* EXERCISE OBJECTIVE:
Pictures must not appear in the copy. Set down exactly the line with "Where AR Globe" and each line after it through the end of the data below.

START DATA EXCERPT

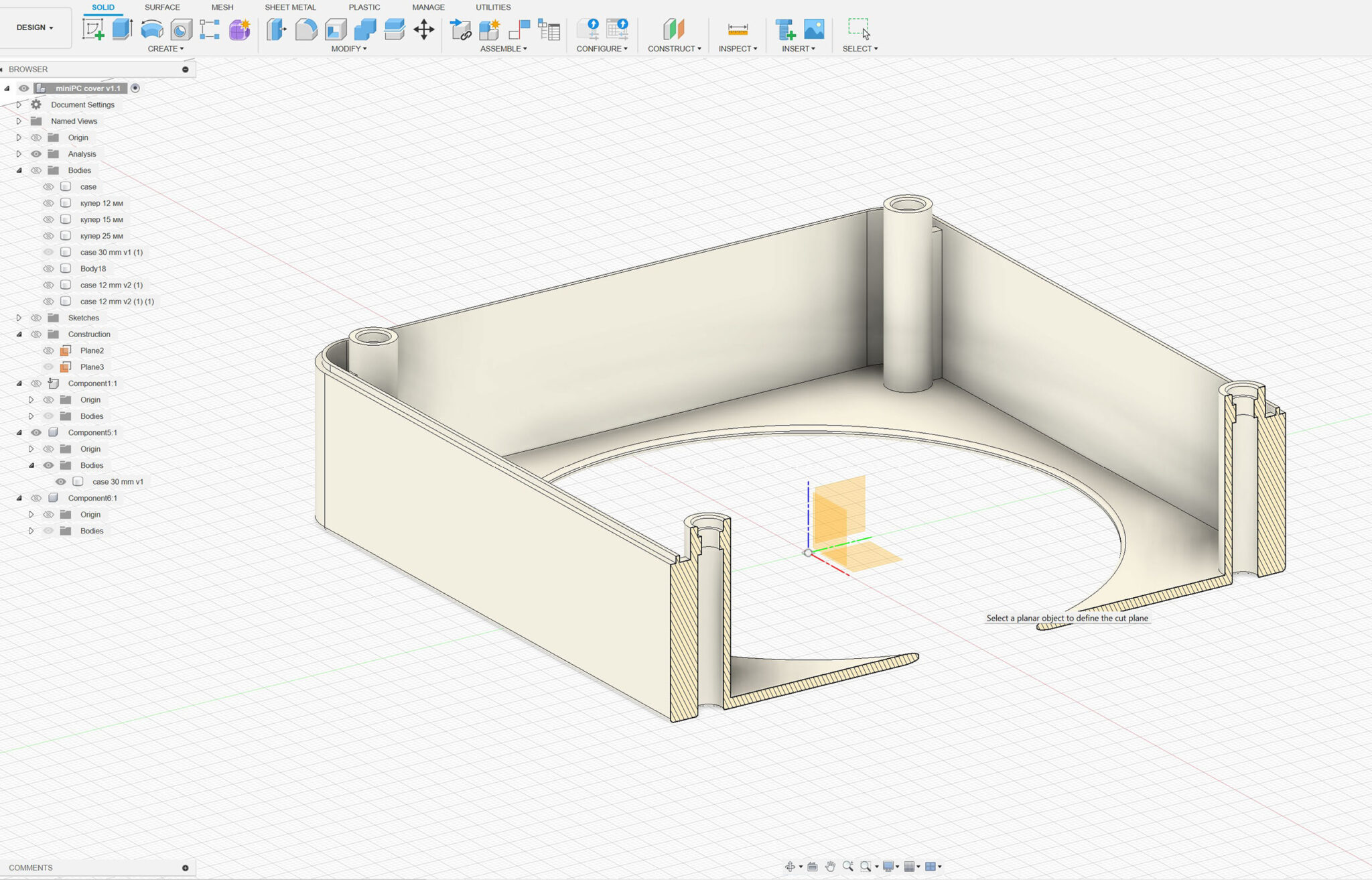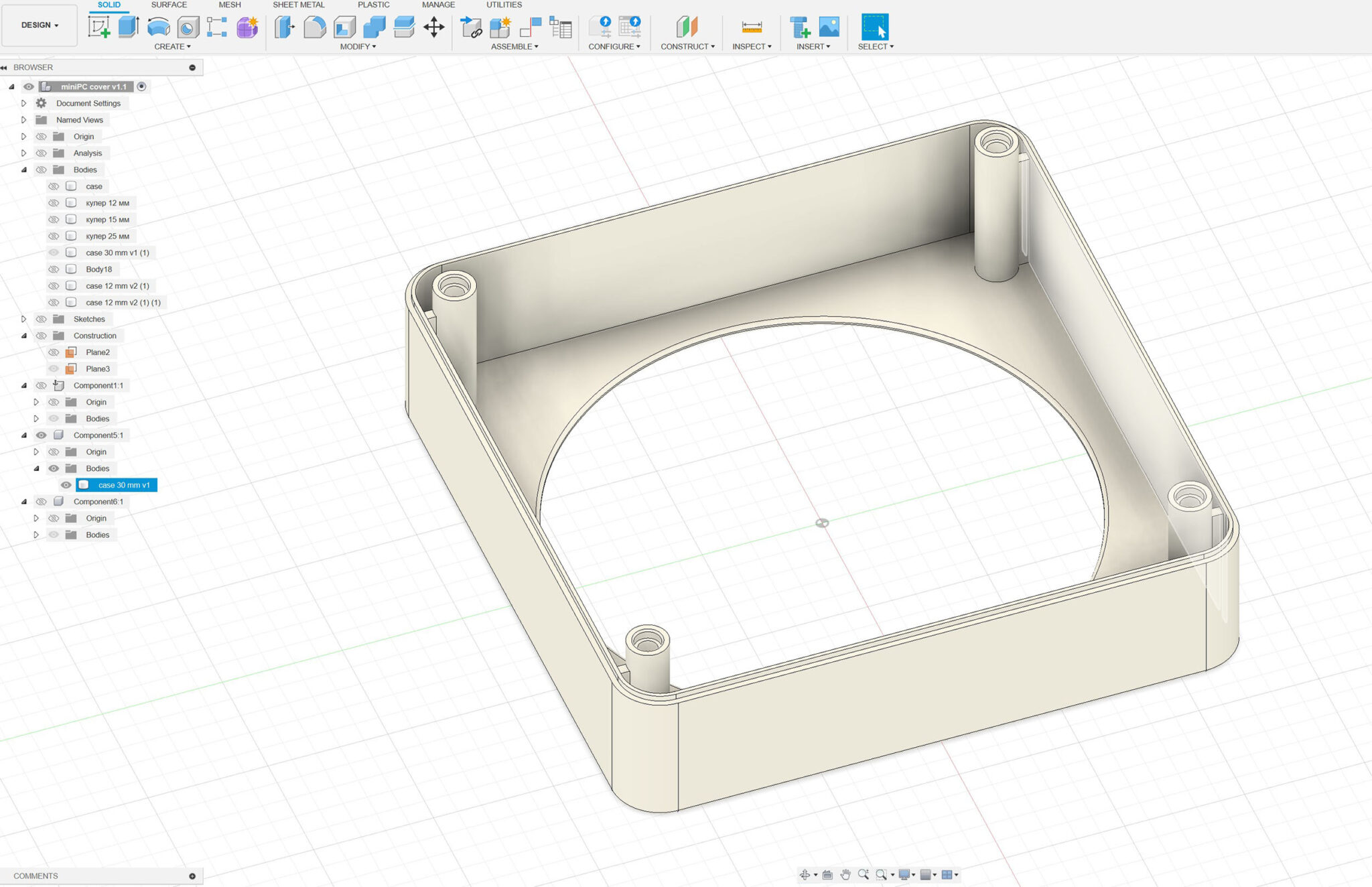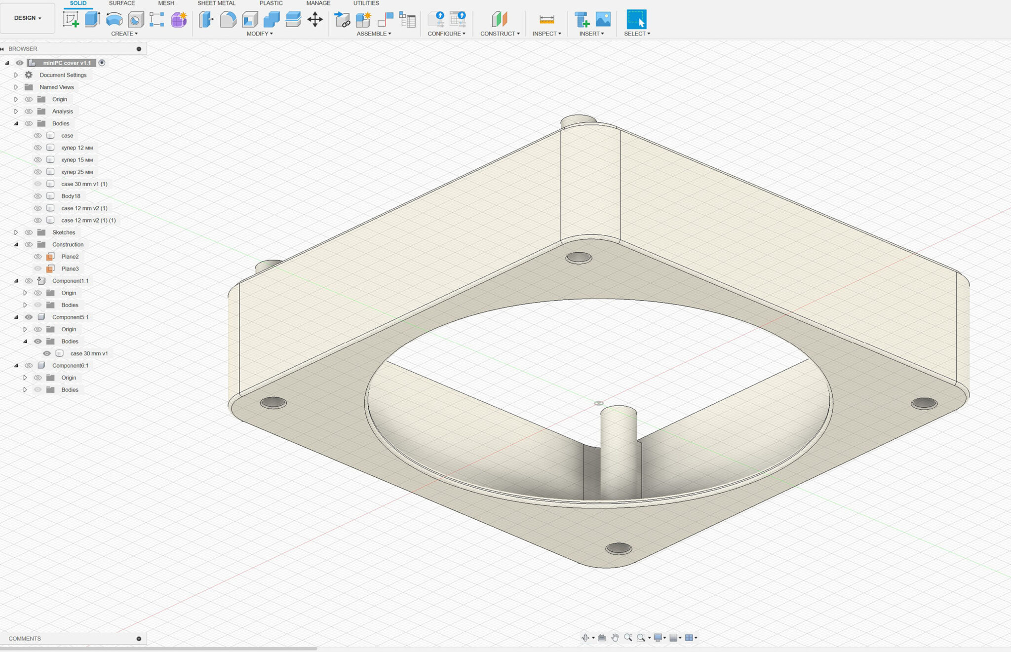 In Fusion 360 habe ich die erste Version der Unterabdeckung entworfen – für einen Lüfter mit einer Stärke von 25 mm. Ich hatte bereits ein Metallgitter zur Verfügung und plante, es in dieses Gehäuse einzubauen, um die Lüfterblätter vor dem zufälligen Eindringen größerer Gegenstände zu schützen.
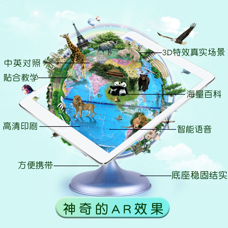 Where AR Globe 20cm HD 3d Interactive 4d Intelligent Voice Children's Puzzle Early Education Medium Small Junior High School Students Use Junior High School Students Teaching Edition 18cm Special for Junior High School Students
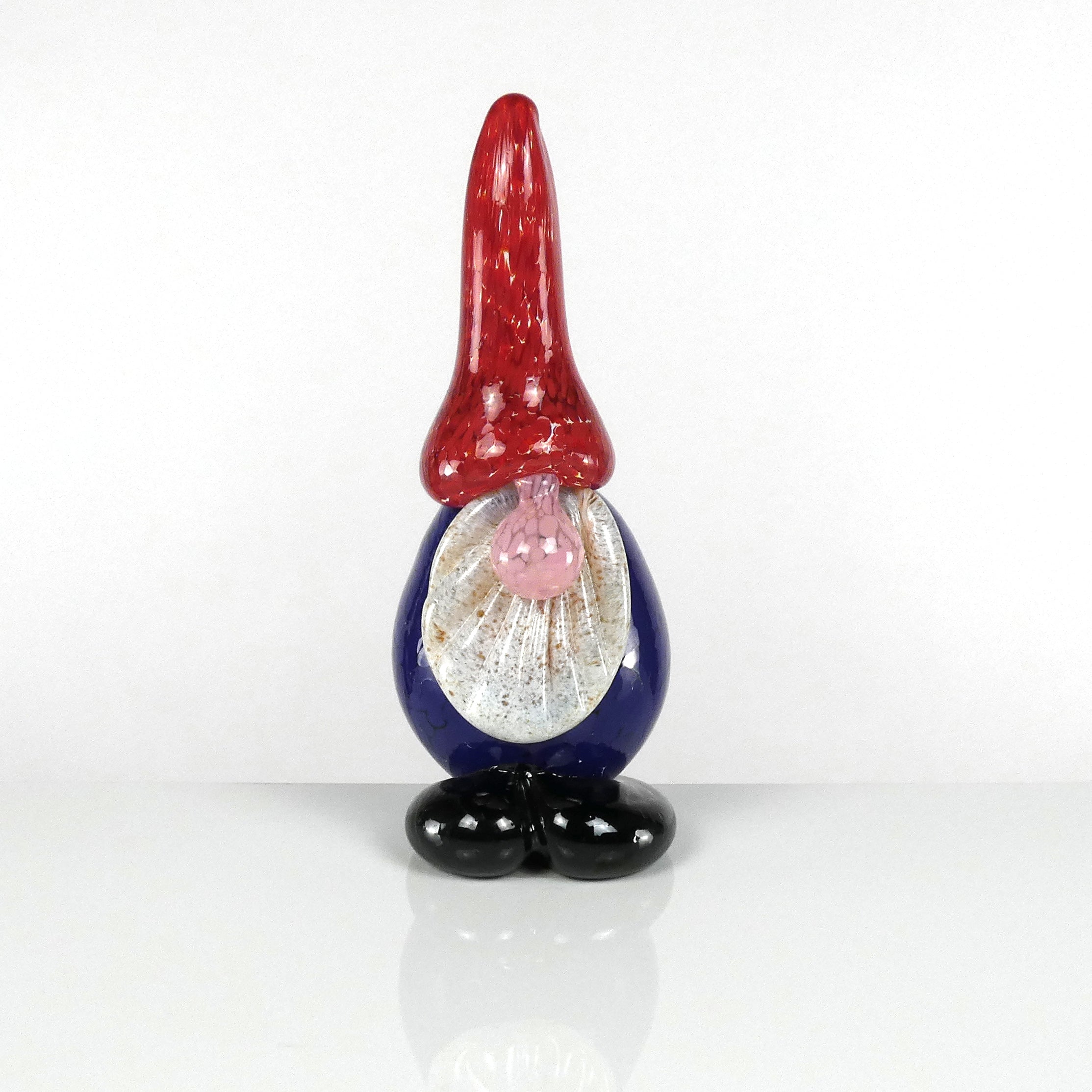 Add a new whimsical friend to your home! Commonly known as a symbol of good luck, gnomes are believed to bring happiness and prosperity to their owners. This charming little gnome, handblown with playful colors and intricate details, is sure to bring a smile and a touch of magic wherever it sits.

END DATA EXCERPT

* RESULT OF THIS EXERCISE:
 Where AR Globe 20cm HD 3d Interactive 4d Intelligent Voice Children's Puzzle Early Education Medium Small Junior High School Students Use Junior High School Students Teaching Edition 18cm Special for Junior High School Students
 Add a new whimsical friend to your home! Commonly known as a symbol of good luck, gnomes are believed to bring happiness and prosperity to their owners. This charming little gnome, handblown with playful colors and intricate details, is sure to bring a smile and a touch of magic wherever it sits.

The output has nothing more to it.